# Exercise description
Each entry that follows should be given again word for word; please leave out its pictures.

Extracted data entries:
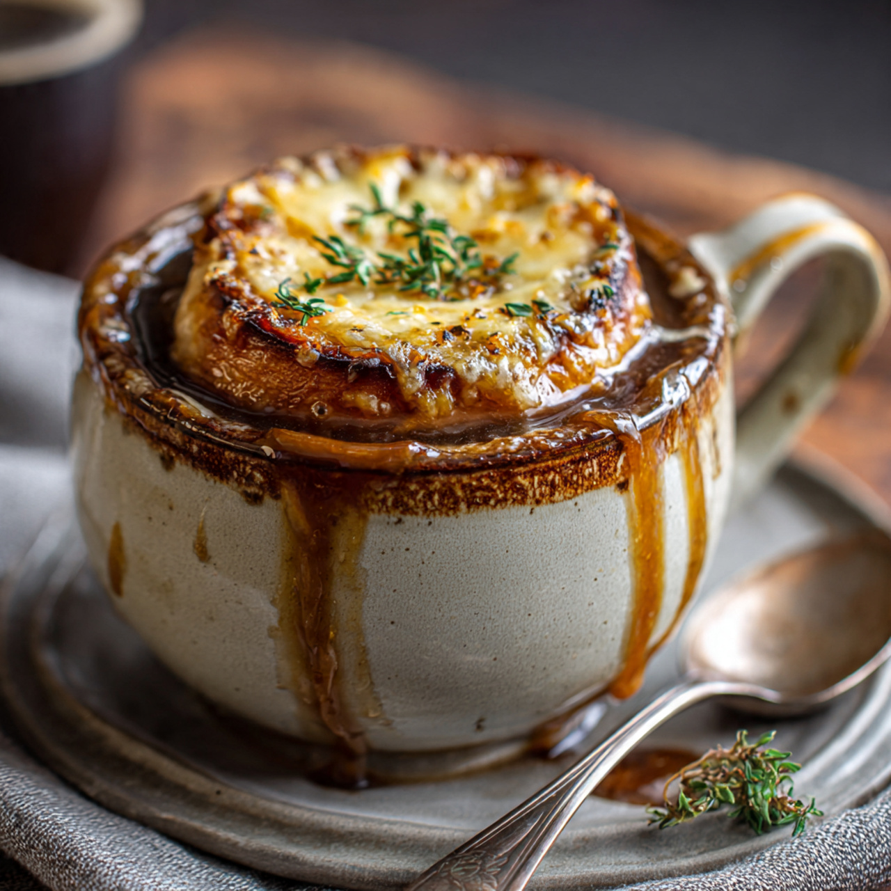 The key to great French onion soup is patience while caramelizing the onions. Cooking them slowly allows their natural sugars to develop, creating that signature sweet, deep flavor.
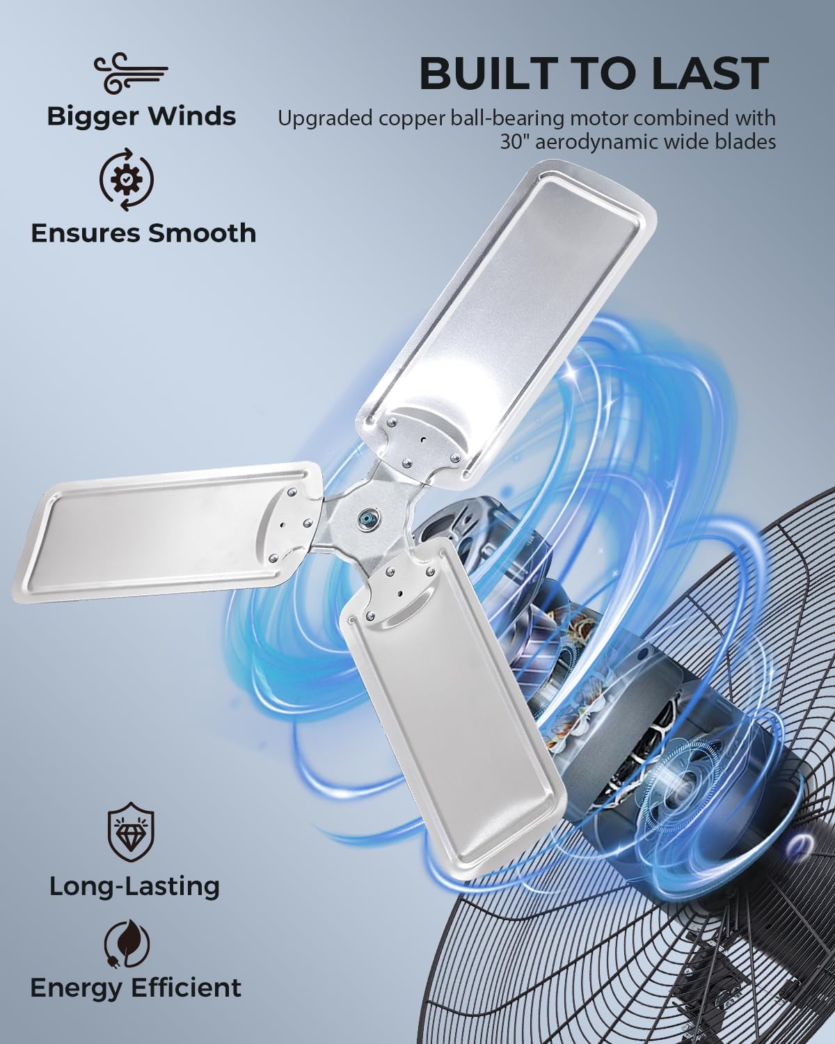 - Durable & Low-Noise: Our wall mounted fan is equipped with upgraded copper ball-bearing motor and 30" aerodynamic wide blades to a farther air movement range at lower noise. Designed for safety and reliability, industrial wall fan includes an OSHA compliant protective grille, a 9.8 ft grounded 3-prong power cord, powder-coated steel construction, and built-in overheating protection, making it the ideal cooling solution for demanding environments.
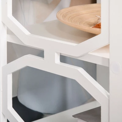 This HOMCOM end table uses a hollow octagon shape on both sides that is beautiful and fashionable. The double-layer design provides more storage space for your personal items. The MDF board is solid for you to support heavy things, up to 11 lbs on each shelf. The end table is lightweight so you can easily move it to any room you need. Utilize your living space and storage options with our side table from HOMCOM.
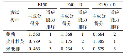 臭氧胁迫、干旱胁迫及臭氧与干旱双重胁迫的程度与植物体内的F0、Fm/Fv、Y(Ⅱ)和NPQ等参数受抑制程度显著相关,可作为植物抗逆的指标,但不同抗逆指标表现往往不一致[18].利用主成分分析法可以全面而准确地分析植物各种生理指标的综合抗性.对标准化后的数据进行主成分分析,以累积贡献率达85%以上为参考值,确定主成分个数.由于主成分之间相互独立且有着不同的贡献率,因此,每个主成分得分就是其加权值,其中权重就是主成分对应的贡献率. E40、E150、E40+D处理的幼苗得分为黎朔>尖叶杜英>米老排,表明黎朔抗臭氧或干旱单一胁迫的能力最强,尖叶杜英次之,米老排最弱;E150+D处理的幼苗得分为尖叶杜英>黎朔>米老排,表明尖叶杜英抗臭氧或干旱交叉胁迫的能力最强,黎朔次之,米老排最弱(表 2).
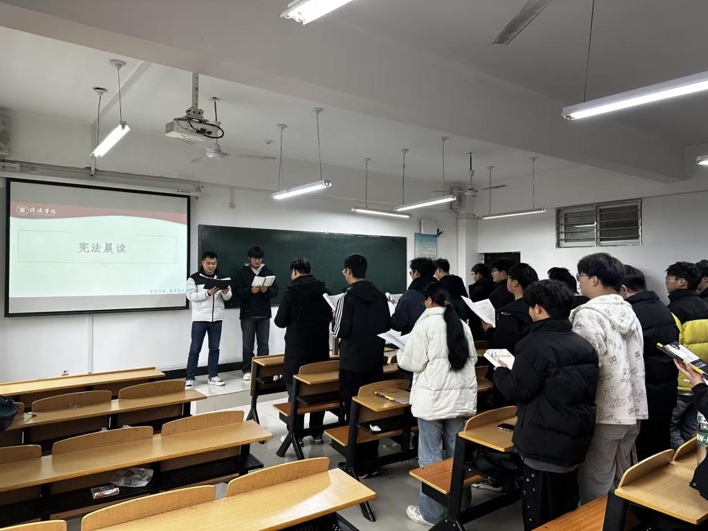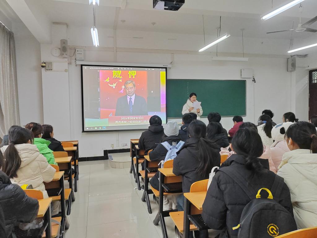 三、开展“宪法晨读”活动。“第一条:中华人民共和国是工人阶级领导的、以工农联盟为基础的人民民主专政的社会主义国家。社会主义制度是中华人民共和国的根本制度……”朗朗读书声读书声,莘莘学子意。12月4日,各二级学院纷纷组织学生通过普法网观看“宪法晨读”直播,同步诵读,共有数万余名学生通过线上线下相结合的方式参与活动。
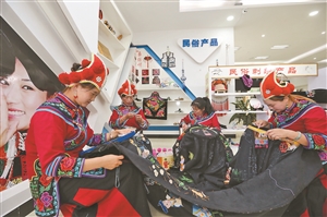 本报讯(记者 周灿) 南华县建立健全农村电子商务服务体系,大力发展农村电商助力脱贫攻坚,去年全县实现电商交易额21067万元,增长28.29%;今年1月至5月,实现电商交易额6315.86万元,增长31.3%,农村电商在脱贫攻坚中发挥了重要作用。 自2015年7月被列为全国电子商务进农村综合示范县以来,南华县通过建设农村电子商务服务站点、物流仓储和配送服务中心,突破农村网络基础设施、电子商务操作和物流配送等瓶颈制约,建立健全农村电子商务服务体系,促进电商经济发展。 南华县电子商务广场投资3000余万元,建筑面积5000多平方米,整合野生菌信息港、野生菌大数据中心和野生菌溯源系统等多种功能,设有线下展示中心、人员培训中心、电商孵化中心等9大功能区,为电商企业、小微电商提供完整的仓储、物流、运营、农产品检测、产品展示等“一站式”综合服务。目前,共有30户电商、物流企业入驻。 图为在南华县电子商务广场线下展示中心,彝族妇女演示彝族刺绣。

# Response to this task
 The key to great French onion soup is patience while caramelizing the onions. Cooking them slowly allows their natural sugars to develop, creating that signature sweet, deep flavor.
 - Durable & Low-Noise: Our wall mounted fan is equipped with upgraded copper ball-bearing motor and 30" aerodynamic wide blades to a farther air movement range at lower noise. Designed for safety and reliability, industrial wall fan includes an OSHA compliant protective grille, a 9.8 ft grounded 3-prong power cord, powder-coated steel construction, and built-in overheating protection, making it the ideal cooling solution for demanding environments.
 This HOMCOM end table uses a hollow octagon shape on both sides that is beautiful and fashionable. The double-layer design provides more storage space for your personal items. The MDF board is solid for you to support heavy things, up to 11 lbs on each shelf. The end table is lightweight so you can easily move it to any room you need. Utilize your living space and storage options with our side table from HOMCOM.
 臭氧胁迫、干旱胁迫及臭氧与干旱双重胁迫的程度与植物体内的F0、Fm/Fv、Y(Ⅱ)和NPQ等参数受抑制程度显著相关,可作为植物抗逆的指标,但不同抗逆指标表现往往不一致[18].利用主成分分析法可以全面而准确地分析植物各种生理指标的综合抗性.对标准化后的数据进行主成分分析,以累积贡献率达85%以上为参考值,确定主成分个数.由于主成分之间相互独立且有着不同的贡献率,因此,每个主成分得分就是其加权值,其中权重就是主成分对应的贡献率. E40、E150、E40+D处理的幼苗得分为黎朔>尖叶杜英>米老排,表明黎朔抗臭氧或干旱单一胁迫的能力最强,尖叶杜英次之,米老排最弱;E150+D处理的幼苗得分为尖叶杜英>黎朔>米老排,表明尖叶杜英抗臭氧或干旱交叉胁迫的能力最强,黎朔次之,米老排最弱(表 2).
 三、开展“宪法晨读”活动。“第一条:中华人民共和国是工人阶级领导的、以工农联盟为基础的人民民主专政的社会主义国家。社会主义制度是中华人民共和国的根本制度……”朗朗读书声读书声,莘莘学子意。12月4日,各二级学院纷纷组织学生通过普法网观看“宪法晨读”直播,同步诵读,共有数万余名学生通过线上线下相结合的方式参与活动。
 本报讯(记者 周灿) 南华县建立健全农村电子商务服务体系,大力发展农村电商助力脱贫攻坚,去年全县实现电商交易额21067万元,增长28.29%;今年1月至5月,实现电商交易额6315.86万元,增长31.3%,农村电商在脱贫攻坚中发挥了重要作用。 自2015年7月被列为全国电子商务进农村综合示范县以来,南华县通过建设农村电子商务服务站点、物流仓储和配送服务中心,突破农村网络基础设施、电子商务操作和物流配送等瓶颈制约,建立健全农村电子商务服务体系,促进电商经济发展。 南华县电子商务广场投资3000余万元,建筑面积5000多平方米,整合野生菌信息港、野生菌大数据中心和野生菌溯源系统等多种功能,设有线下展示中心、人员培训中心、电商孵化中心等9大功能区,为电商企业、小微电商提供完整的仓储、物流、运营、农产品检测、产品展示等“一站式”综合服务。目前,共有30户电商、物流企业入驻。 图为在南华县电子商务广场线下展示中心,彝族妇女演示彝族刺绣。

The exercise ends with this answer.